- Born: James R. Irwin February 7, 1934 Linn Creek, Missouri, U.S.
- Died: January 22, 2012 (aged 77) Orange County, California
- Education: University of Missouri
- Occupation: Sportscaster
- Years active: 1969–1998

= Jim Irwin (sportscaster) =

American football announcer

James R. Irwin (February 7, 1934 – January 22, 2012) was an American sportscaster at WTMJ Radio in Milwaukee, Wisconsin. He is best known for being the radio voice of the Green Bay Packers for 30 years.

==Career==
Irwin worked with former Packer Lionel Aldridge, and was paired for 20 seasons with Super Bowl I hero Max McGee. Irwin also called Milwaukee Brewers baseball, Milwaukee Bucks basketball, and Wisconsin Badgers football and basketball games. He joined the Packers radio broadcasts as a color commentator in 1969 and assumed play by play duties in 1975, a position he held until his retirement after the 1998 season, along with morning sportscasting and commentary duties on WTMJ's morning program. He was inducted into the Packers Hall of Fame in 2003. Irwin continued to contribute occasionally to WTMJ after he retired.
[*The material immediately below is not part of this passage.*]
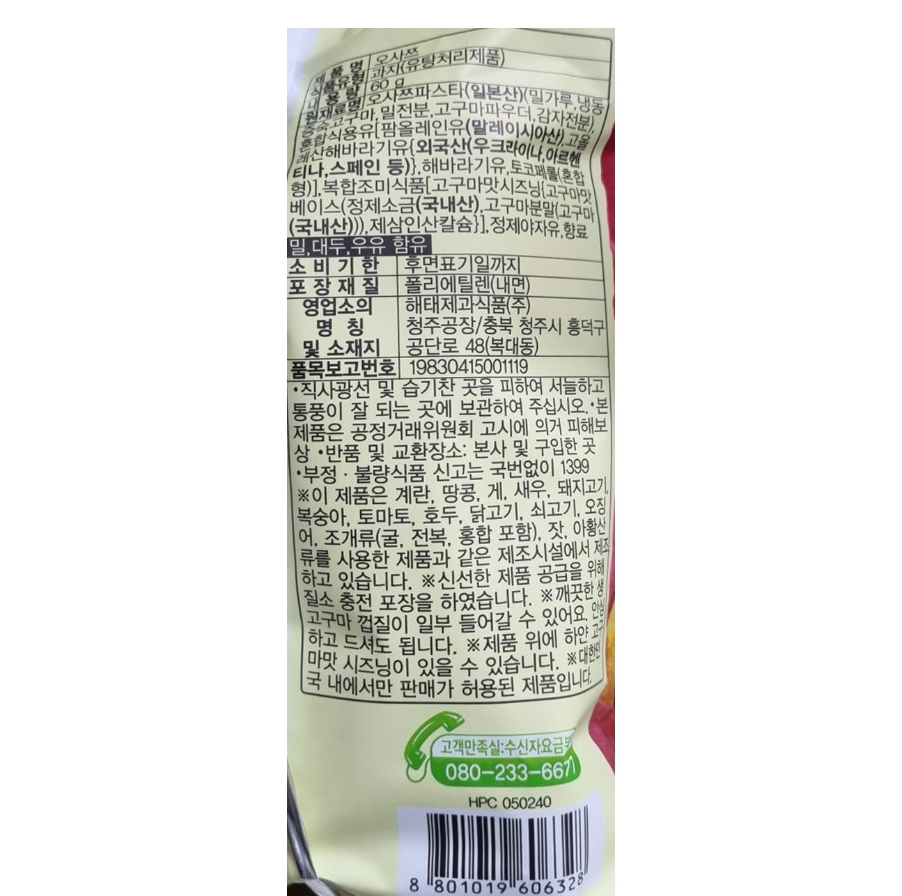 | 포장단위별 내용물의 용량(중량), 수량 | 60g*4개입, 1개 | 원재료명 및 함량 | 컨텐츠 참조 |

Prior to his longtime career as the voice of the Packers, Irwin began his broadcast career in 1964 as sports director at WLUK-TV in Green Bay.

==Early life and death==
He was born in Linn Creek, Missouri. Irwin served in the U.S. Army in Korea and then enrolled at the University of Missouri, where he majored in speech.

Irwin died of complications from kidney cancer on January 22, 2012, at the age of 77.